*Required work*. Your reply is to be the lines below, exactly as written, with images omitted.
(Information given)
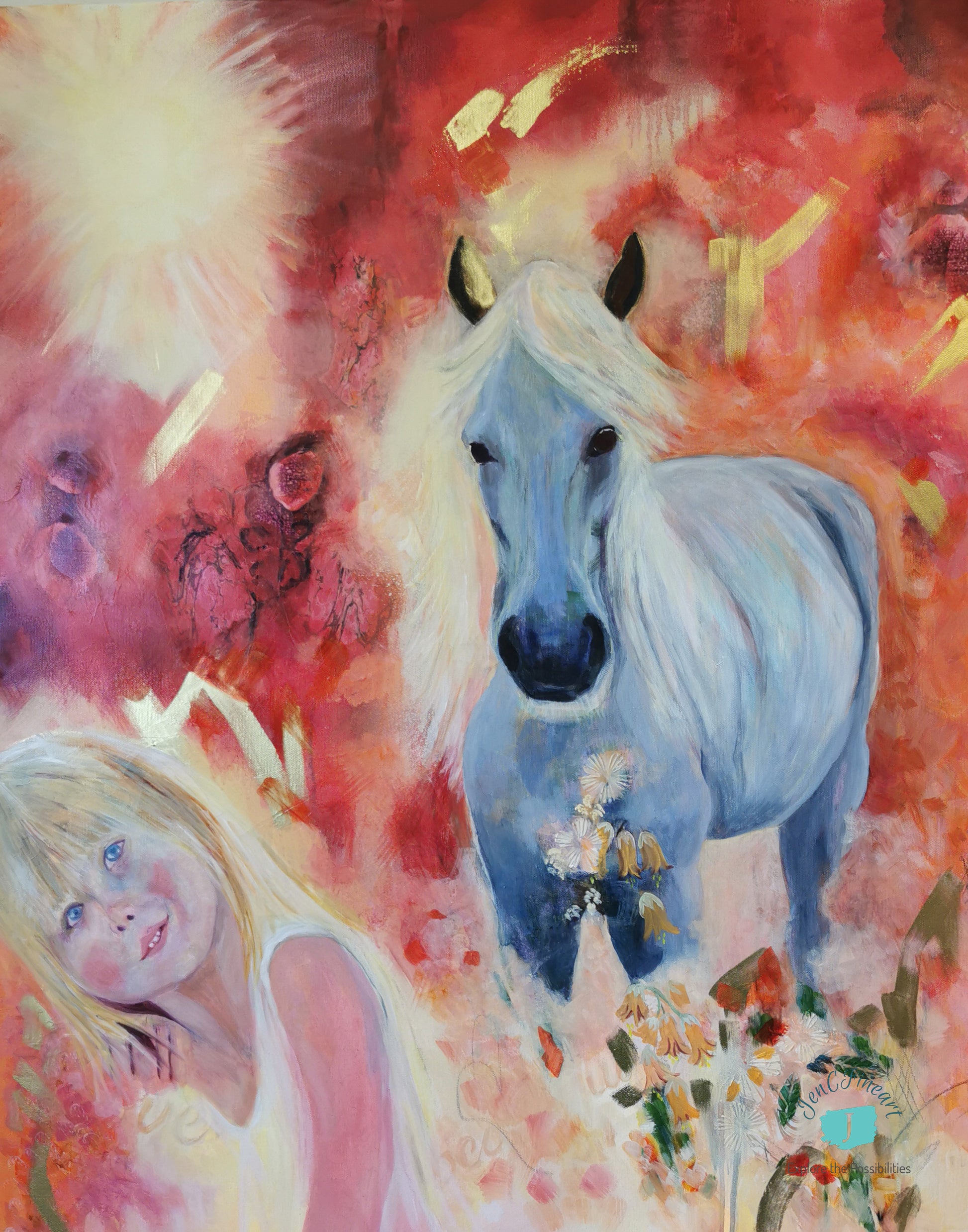 "Heavens Dew". It is every little girls dream to own a horse, ride a horse there is something special even heavenly as you watch the interaction between horse and rider. The horse is intuitive and senses the emotion and trust of their rider and it responds accordingly. Our little grand-daughter Isla's first experience riding a horse was the inspiration for this painting.
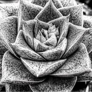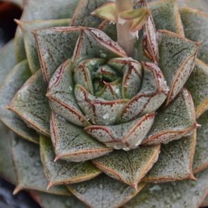 Echeveria purpusorum ist eine sehr sehr langsam wachsende, ungewöhnliche Sukkulente. Ihre Oberflächenmusterung, die durch Sonneneinstrahlung und Trockenstress noch stärker hervortritt, erinnert entfernt an ein Mandala.
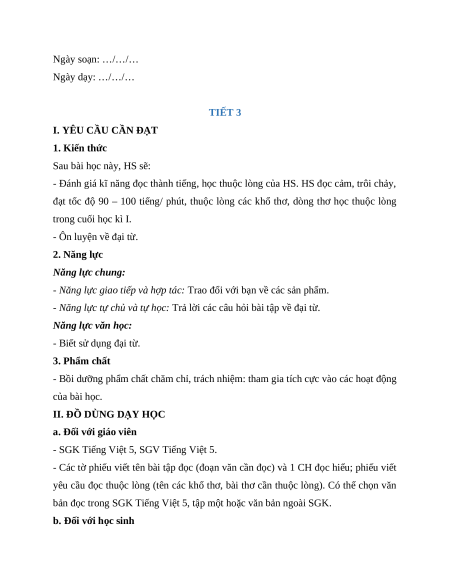chảy, đạt tốc độ 90 – 100 tiếng/ phút, thuộc lòng các khổ thơ, dòng thơ đã học
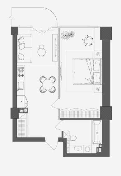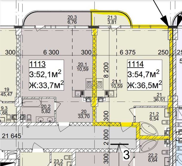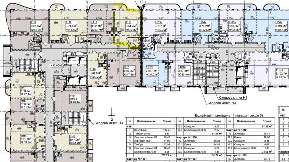 Площа 54,15 кв. м. На картинці з плануванням позначена жовтим кольором.
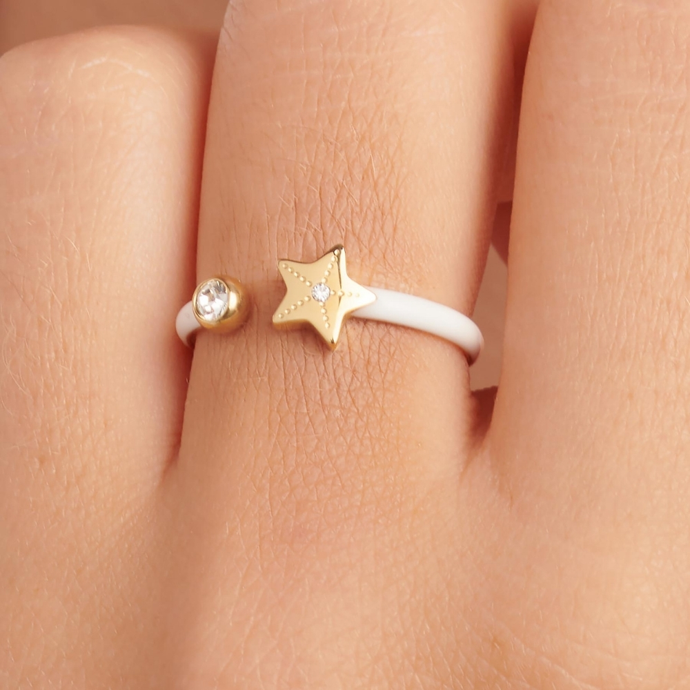 Prsten od hirurškog čelika u žutoj boji sa cirkonom u prozirnoj boji. Prelep i suptilan prsten koji može upotpuniti svaki vaš outfit, bilo dnevni ili večernji.
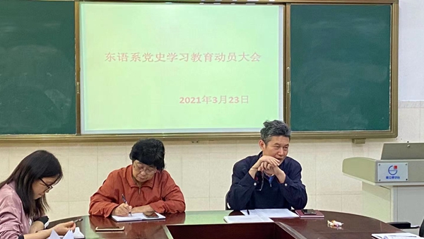 3月23日,东语系在系会议室召开党史学习教育动员会,安排部署学院党史学习教育工作,动员全体党员同志扎实推动党史学习教育和社会实践活动。
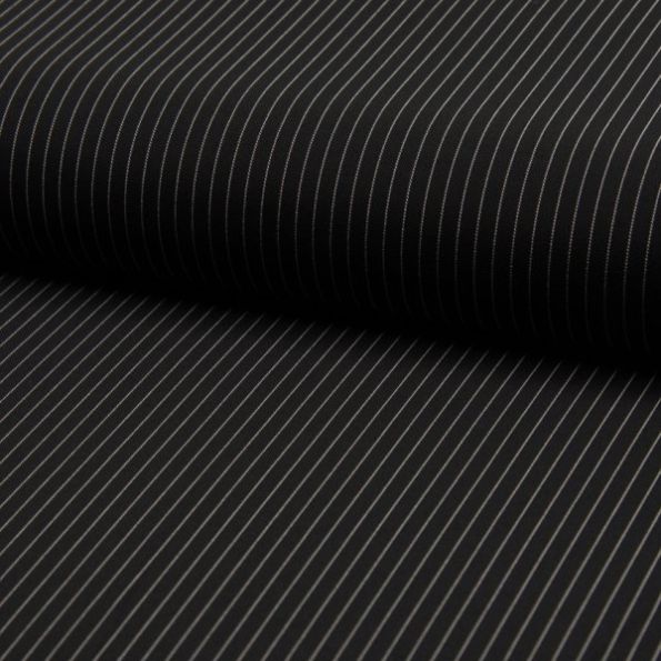 Tissu Gabardine légère et fluide Rayures fines blanches sur fond Noir - Par 10 cm
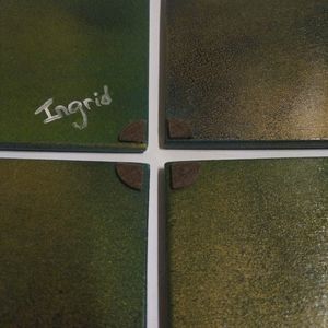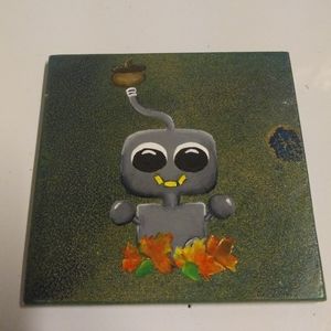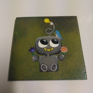 Robots representing the four seasons coasters. Hand-painted and varnished to protect the painting The bottoms have felt.
(End Information given)
*Solution*.
 "Heavens Dew". It is every little girls dream to own a horse, ride a horse there is something special even heavenly as you watch the interaction between horse and rider. The horse is intuitive and senses the emotion and trust of their rider and it responds accordingly. Our little grand-daughter Isla's first experience riding a horse was the inspiration for this painting.
 Echeveria purpusorum ist eine sehr sehr langsam wachsende, ungewöhnliche Sukkulente. Ihre Oberflächenmusterung, die durch Sonneneinstrahlung und Trockenstress noch stärker hervortritt, erinnert entfernt an ein Mandala.
chảy, đạt tốc độ 90 – 100 tiếng/ phút, thuộc lòng các khổ thơ, dòng thơ đã học
 Площа 54,15 кв. м. На картинці з плануванням позначена жовтим кольором.
 Prsten od hirurškog čelika u žutoj boji sa cirkonom u prozirnoj boji. Prelep i suptilan prsten koji može upotpuniti svaki vaš outfit, bilo dnevni ili večernji.
 3月23日,东语系在系会议室召开党史学习教育动员会,安排部署学院党史学习教育工作,动员全体党员同志扎实推动党史学习教育和社会实践活动。
 Tissu Gabardine légère et fluide Rayures fines blanches sur fond Noir - Par 10 cm
 Robots representing the four seasons coasters. Hand-painted and varnished to protect the painting The bottoms have felt.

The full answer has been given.